3.2. Chemical Composition of EP-HDTMS@SiO₂ Coatings

As shown in the figure, only the elements C, O, and Si were detected in the spectra without the addition of nano-SiO₂ with atomic percentages of 84.84%, 13.95%, and 1.21%, respectively. However, it is clear from the EP-HDTMS@SiO₂ in Figure 3b that the proportions of the three main elements C, O, and Si are 59.08%, 29.95%, and 10.69%, respectively. The initially small amount of silicon element contained is mainly due to the small amount of Si element contained in hexadecyltrimethoxysilane. The significant increase in the content of O and Si elements in Figure 3b is due to the addition of SiO₂. From the distribution of nanoparticle elements in Figure 3c, it can be seen that the C, O, and Si indicate relatively uniform distribution of the coating by spraying.

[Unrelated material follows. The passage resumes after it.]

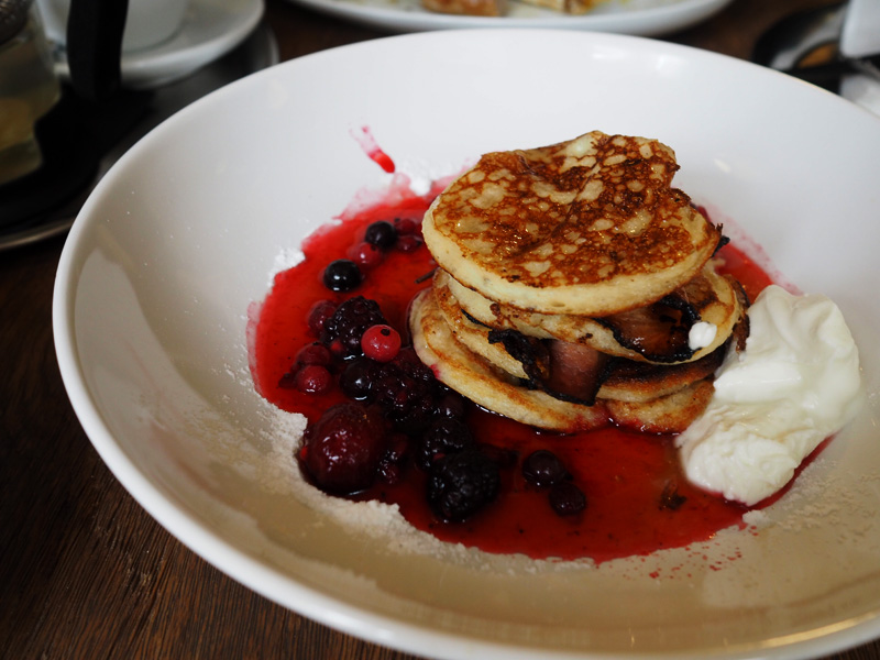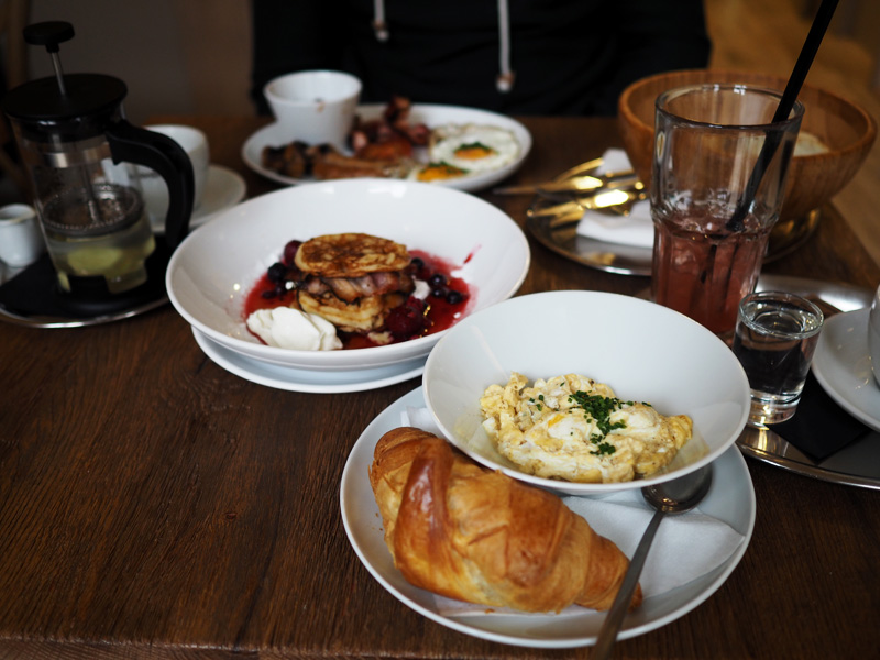 Monolok nás zklamal hned při příchodu neochotnou obsluhou, která na prosbu o rozdělení velkého stolu obsazeného pouze dvěma lidmi reagovala zakroucením hlavou a poslala nás si sednou do sklepa, kterej denní světlo neviděl ani z dálky. To se mně samozřejmě nelíbilo a pral se ve mě hlad s nespokojeností s místem. Na víkendový snídani odmítám sedět někde v umělým osvětlení – prostě ne. Takže jsme se po chvíli váhání zvedli, že půjdem někam jinam a naštěstí se nahoře zrovna uvolnilo místo a naše snídaně tak byla zachráněna. Kuba si dal klasickou anglickou a já krémový míchaný vajíčka s croissantem a lívance s lesním ovocem a slaninou, o který jsme se nakonec dělili, protože jsem měla jako obvykle velký voči. Ta kombinace byla hodně zvláštní, ale fakt chutná. Vlastně všechno bylo naprosto vynikající – včetně švestkový limonády, kterou vybral Kuba a na kterou myslím doteď.

The FT-IR test results are shown in Figure 4. The characteristic peaks of SiO₂ include a stretching vibration peak of 3440 cm⁻¹ for -OH, a bending vibration peak of 1627 cm⁻¹ for H-OH, an asymmetric stretching vibration peak of 1100 for Si-O-Si, a stretching vibration peak of Si-O-Si bonds at 802 cm⁻¹, and a bending vibration peak of Si-O-Si bonds at 470 cm⁻¹. At 1464 cm⁻¹, a new band formed due to the stretching vibration of the C-O group, indicating a covalent bond between the Si-OH group and the hexadecyl group of HDTMS [28]. More importantly, two new bands were discovered at 2922 and 2852 cm⁻¹, attributed to the stretching vibrations in the -CH₃ and -CH₂ bands of HDTMS, respectively. Especially, according to the FT-IR spectrum of SiO₂, the absorption peak at 1700 cm⁻¹ was carbonyl (C=O stretching), indicating that the double bonds in the carbonyl group were unstable [29]. For superhydrophobic EP-HDTMS@SiO₂ coatings, the characteristic absorption peak intensity of the Si-O bonds gradually increased, indicating that the nano-SiO₂ particles were successfully grafted onto the surface.

The chemical composition of the superhydrophobic EP-HDTMS@SiO₂ coating was further determined and characterized using XPS in Figure 5. The C1s energy level spectrum of the superhydrophobic EP-HDTMS@SiO₂ coating can be curve-fitted into three peak components, and the BEs of the C-Si, C-C, and C-O double bonds were 283.0 eV, 284.5 eV, and 286.4 eV, respectively [30]. The Si-2p spectra showed peak components at BEs of 103, 103.5, and 102.7 eV, corresponding to Si-O, Si-O-Si, and Si-O-C, respectively. Furthermore, the superhydrophobic coating EP-HDTMS@SiO₂ exhibited both Si-O-Si and Si-O-C peak components, indicating the presence of low surface energy silanes on the composite coatings [31]. The above results showed that HDTMS had successfully completed the modification through the covalent interaction between the silanol groups of the silane agent and SiO₂ [10], which were consistent with the previous FT-IR characterization.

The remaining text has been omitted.